Coupling Tsunamis with the Ionosphere: A New Modeling Approach

Abstract:

Tsunamis can generate gravity waves propagating upward through the atmosphere and induce total electron content (TEC) disturbances in the ionosphere. The wave propagation has been captured by waveform models, which are effective but lack physical consistency. For the first time, we have implemented tsunami-generated gravity waves into the Global Ionosphere-Thermosphere Model (GITM) to develop a fully physics-based three-dimensional model describing the upper atmosphere under the influence of tsunamis. The model takes tsunami wave characteristics, including the wave heights, wavelengths and propagation velocities at the ocean surface as input parameters and characterizes the ionosphere-thermosphere between altitudes 100km and 600km. The computational region and grid resolution in the horizontal direction can be specifically adjusted according to applications.
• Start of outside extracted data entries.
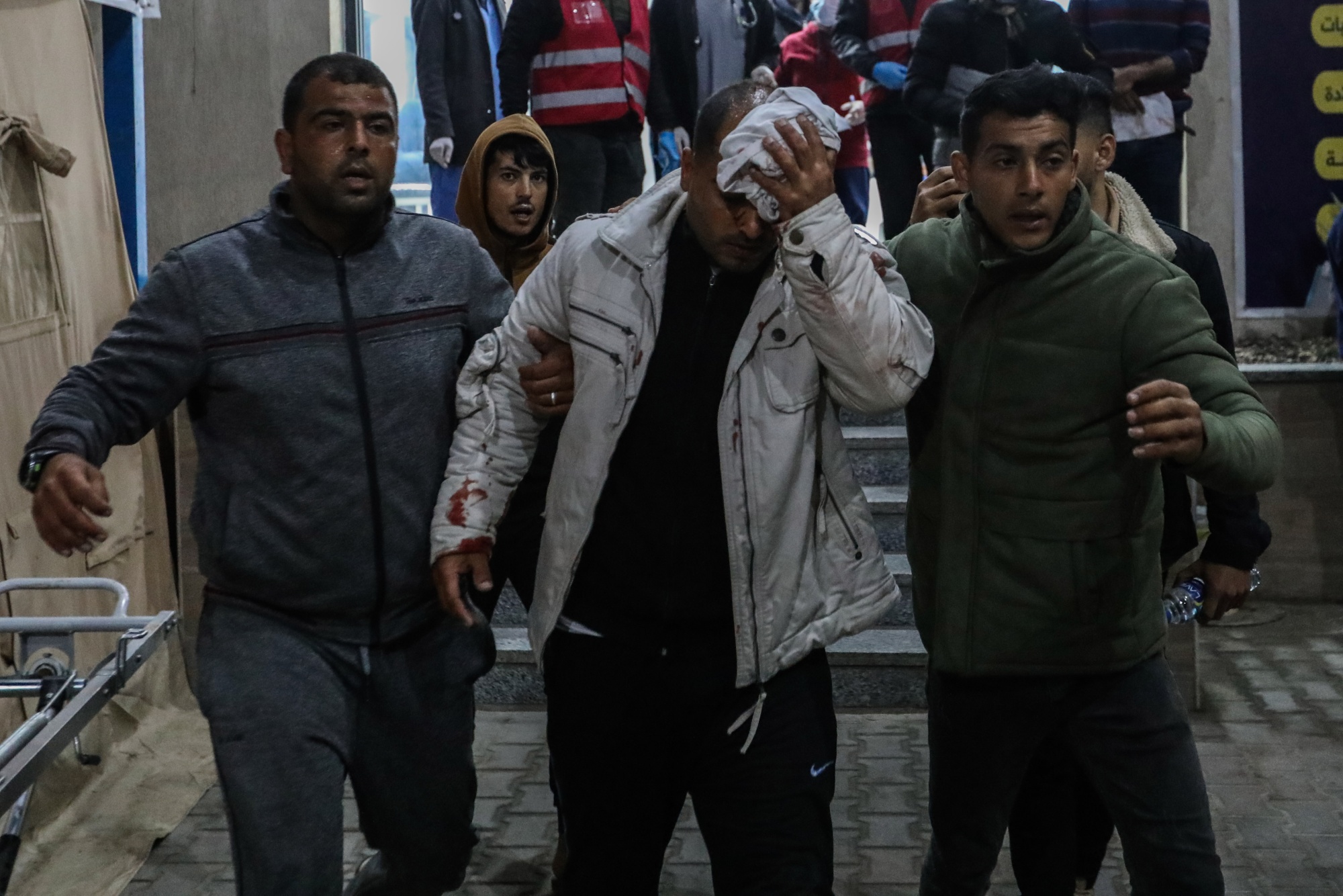 一名受伤男子在2月12日的拉法空袭后被带往科威特医院。摄影师:Ahmad Hasaballah/Getty Images
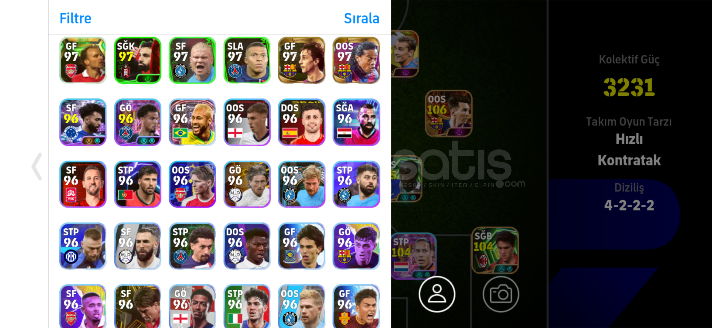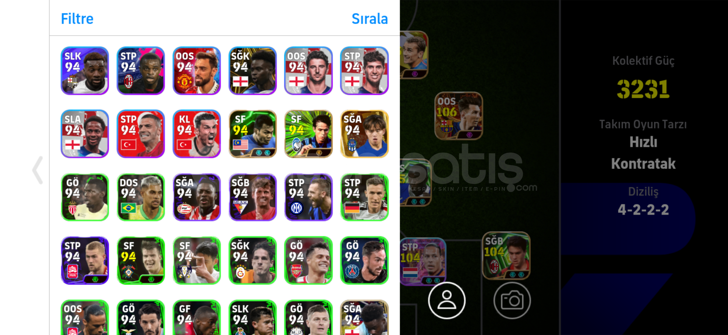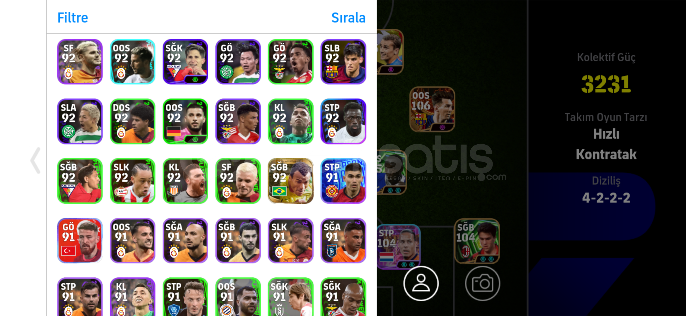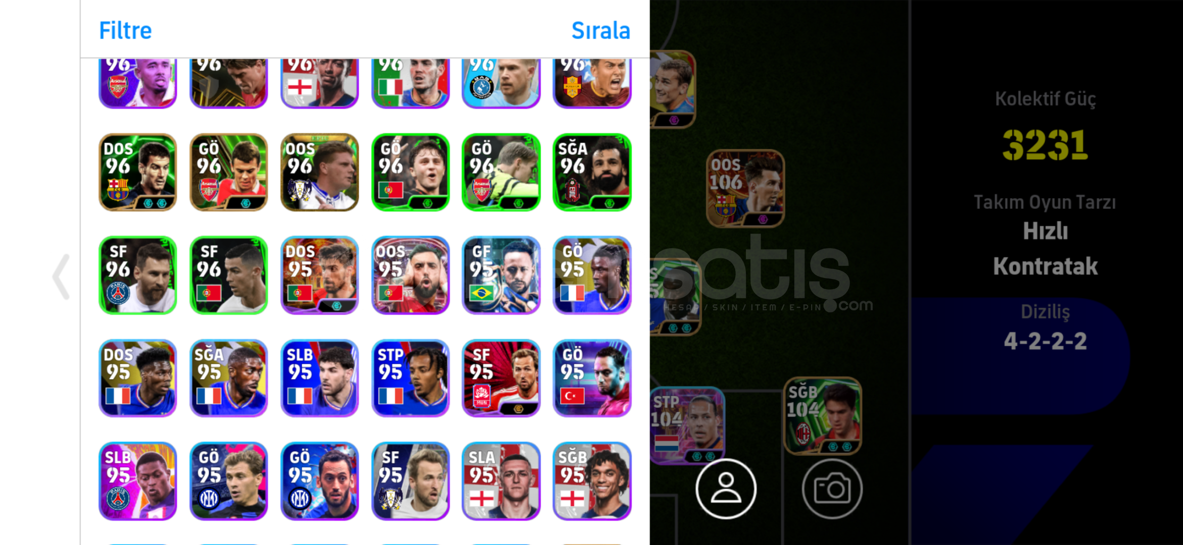 Hesabım acil satılıktır 2 bombacı var 2022 hesabı 3231 KG var full gs full ingiltere full full Türkiye takımları vardır
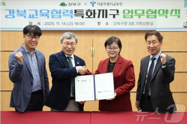 [한국제일신문, 김성옥기자] 서울 강북구는 지난 11월 14일 강북구청 기획상황실에서 서울특별시교육청(교육감 정근식)과 ‘강북교육협력특화지구’ 업무협약을 체결했다.
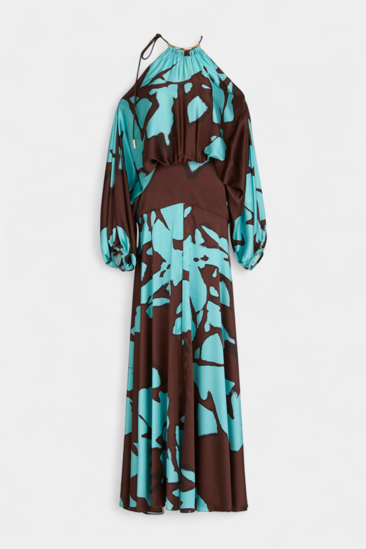 Eterinė elegancija su šiuolaikiniu prisilietimu. Suknelė Monte išsiskiria lengvu siluetu, atviro tipo rankovėmis ir abstrakčiu raštu kontrastingomis spalvomis, kurios sugauti šviesą su kiekvienu judesiu. Jos iškirptė su metaliniu akcentu ir prigludusi juosta formuoja stilizuotą figūrą su charakteriu ir rafinuotumu.

As an initial application and test case, we simulate the ionosphere-thermosphere above the US west coastal region where the tsunamis caused by the 2011 Tokohu earthquake arrived and caused disturbances in the ionosphere. To validate our modeling approach, the GITM-simulated TEC disturbances are compared with GPS-derived TEC measurements at multiple geographic locations. We envision that modeled and measured TEC perturbations could play a critical role in detecting and imaging the upper atmospheric signatures of natural hazards including earthquakes, tsunamis, and volcanic eruptions.